Tisch Asia, August 29, 2012 (source)

Ken Kwek, writer and director of Sex. Violence. Family Values

A new movie written and directed by Ken Kwek ’10 (MFA, Kanbar, Dramatic Writing), Sex.Violence.FamilyValues offers a fresh take on Singapore, telling ‘three dirrrty stories from the world’s cleanest city’. The film will open exclusively at Cathay Orchard Cineleisure on October 11, 2012.
Ken Kwek graduated from New York University Tisch School of the Arts Asia with an MFA in Dramatic Writing. His other writing credits include screenplays for The Blue Mansion,It’s A Great, Great World and Kidnapper.
Sex.Violence.FamilyValues features three stories looking at an alternative side of Singapore.  Story one in Sex.Violence.FamilyValues is about a kindergarten principal who is disturbed to find a series of morbid cartoons drawn by a docile pupil.
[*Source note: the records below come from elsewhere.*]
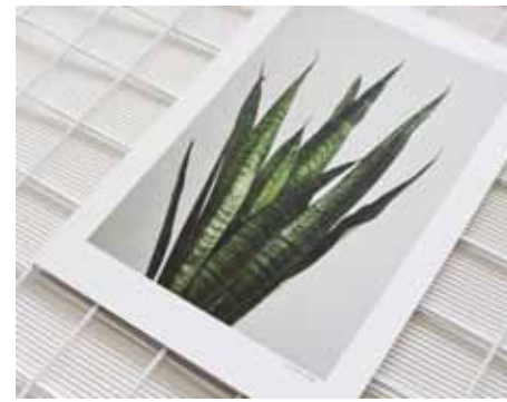
Poster | Puntigepracht
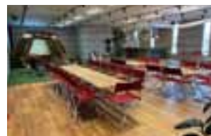
アウトドア志向のコワーキングスペース

社内にコワーキングスペース・シェアオフィスを開設し、人の交流を促すとともに、アウトドア志向のオフィスで新しい発想が生まれやすい環境の整備に取り組んでいます。
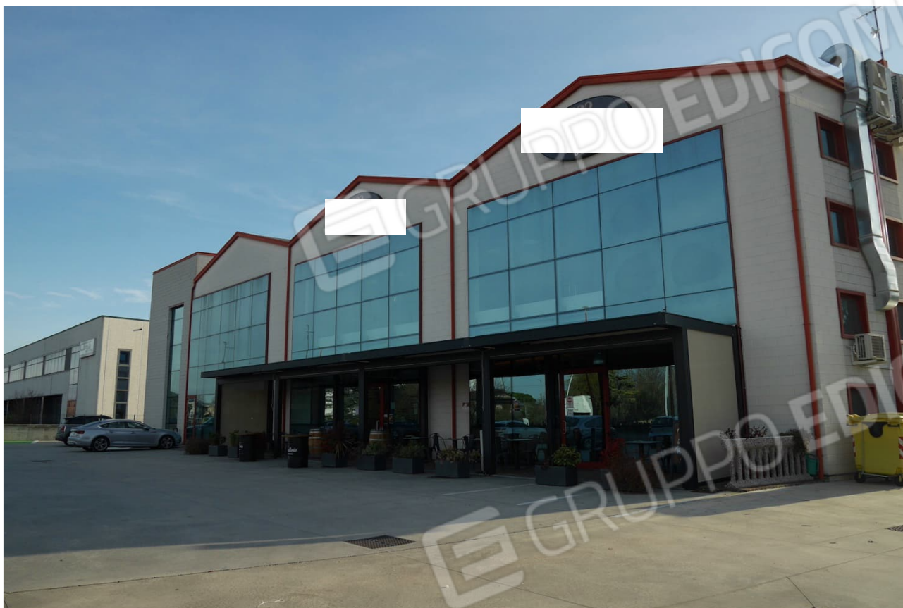
FOTO 13 - Il complesso costituito da porzione ad uso commerciale, uffici e capannone industriale di cui al mappale 833.
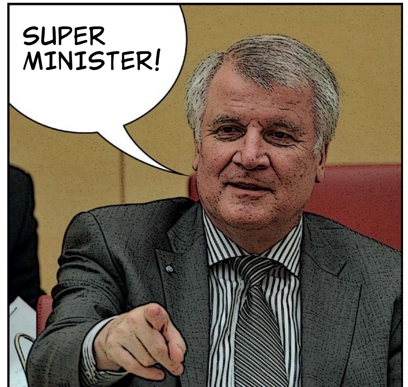
© Text und Comic, Dominik Mischko.
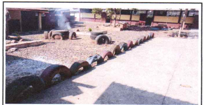
Reparación de losa de patio

Observación: Si es necesario se pueden agregar hojas adicionales y actualizar el número de hojas.
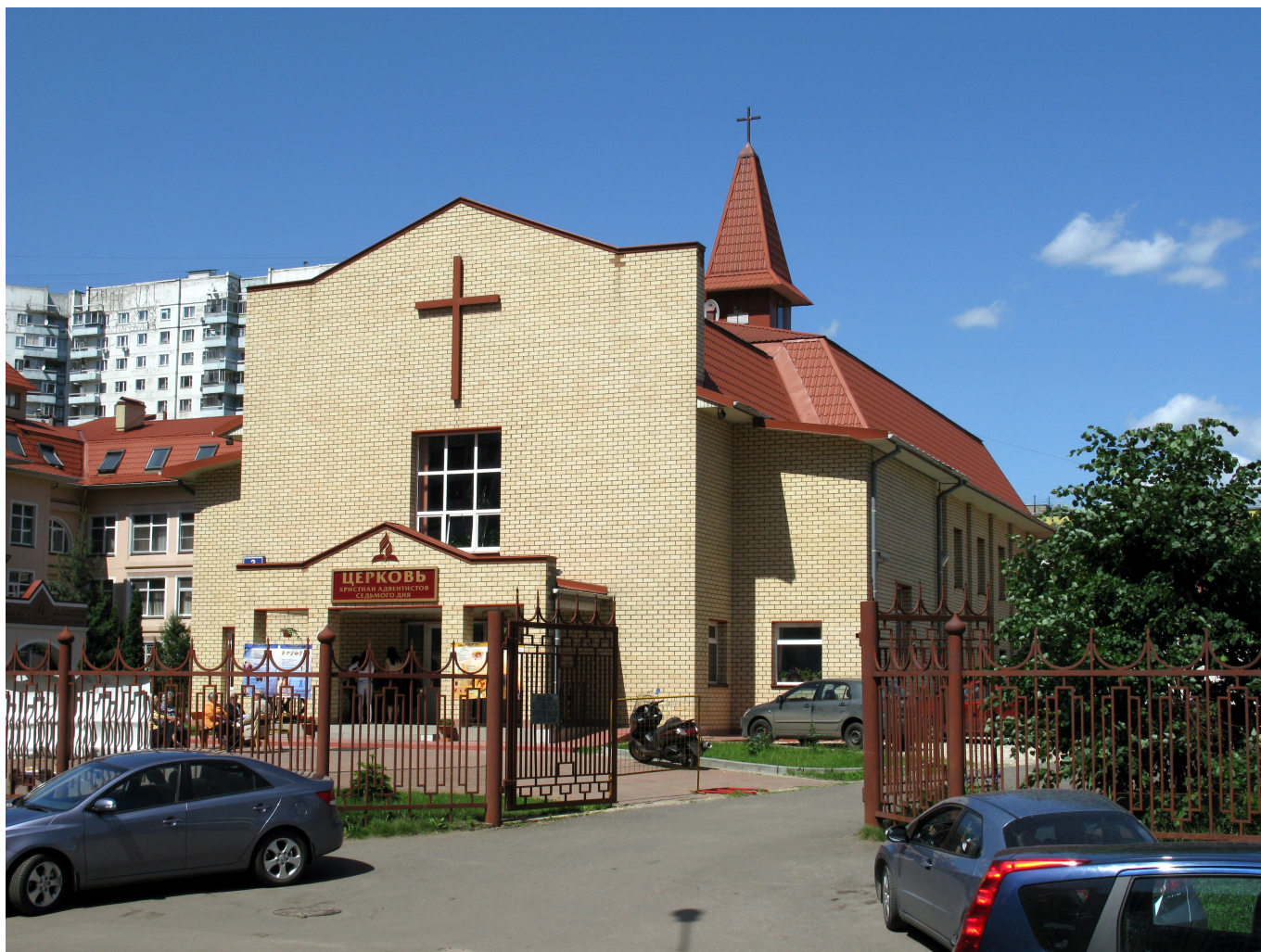
Рис. 1 Церковь адвентистов
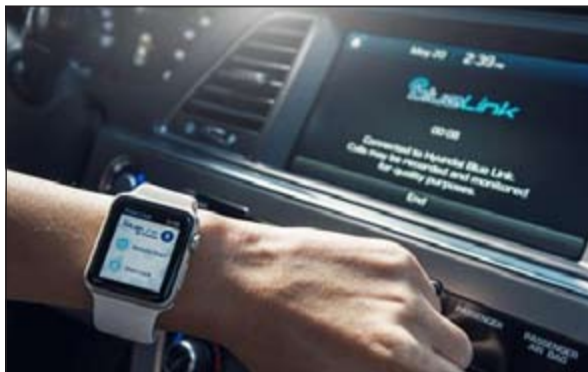
معلومات سوق دبي المالي متاحة عبر الوسائل الذكية

أعلن سوق دبي المالي، طرح فرصة للجمهور والمتعاملين لعيش تجربة «البورصة الذكية» من الفها إلى يائها تحت شعار «معكم أينما كنتم ووقتما شئتم»، داخل جناح حكومة دبي بمعرض جيتكس لتكنولوجيا المعلومات الذي يقام بمركز دبي التجاري العالمي خلال الفترة من 18 إلى 22 من أكتوبر الجاري.
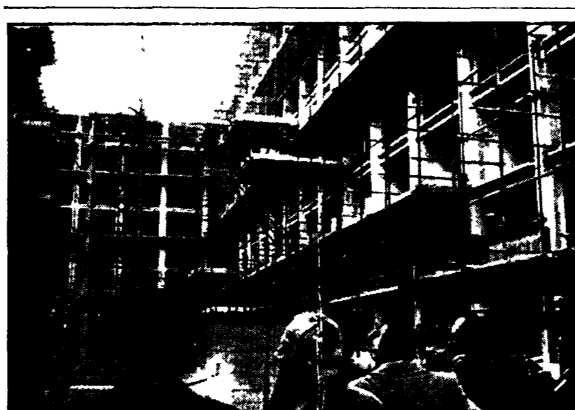
Il folto gruppo di autorità intervenuto in via Mantegna il primo giorno dei lavori di abbattimento

Al momento dello scoppio il direttore dell'«Avanti!» e i familiari erano fuori Roma - L'ordigno di notevole potenza è stato collocato su un balcone dell'appartamento - Probabilmente si tratta di frullo inteso con una miccia - Ingenti i danni
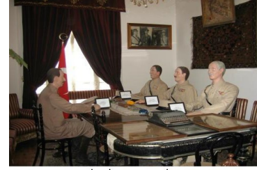
Mudanya Mütareke Es: İsmet İnönü ve karşısında İngilizlere temsilcisi General Harrington, Fransız temsilcisi General Chanzy ve Rusya temsilcisi General Monbelle

The second story is about a porn actor struggling with his role in a Singapore’s first ‘romantic cumedy,’ and the last story is about a nightclub bouncer who faces off with the toughest troublemaker he has ever encountered: a teenage stripper.
Sex.Violence.FamilyValues has screened in film festivals around the world, and received the Audience Award at the Gotham Screen International Film Festival in New York.
The film stars Adrian Pang, Pam Oei, Sylvia Ratonel, Tan Kheng Hua, Benjamin Heng, Osman Sulaiman and Vadi PVSS. Sex. Violence. FamilyValues is produced by The Butter Factory and Ken Kwek.

 
 
(source)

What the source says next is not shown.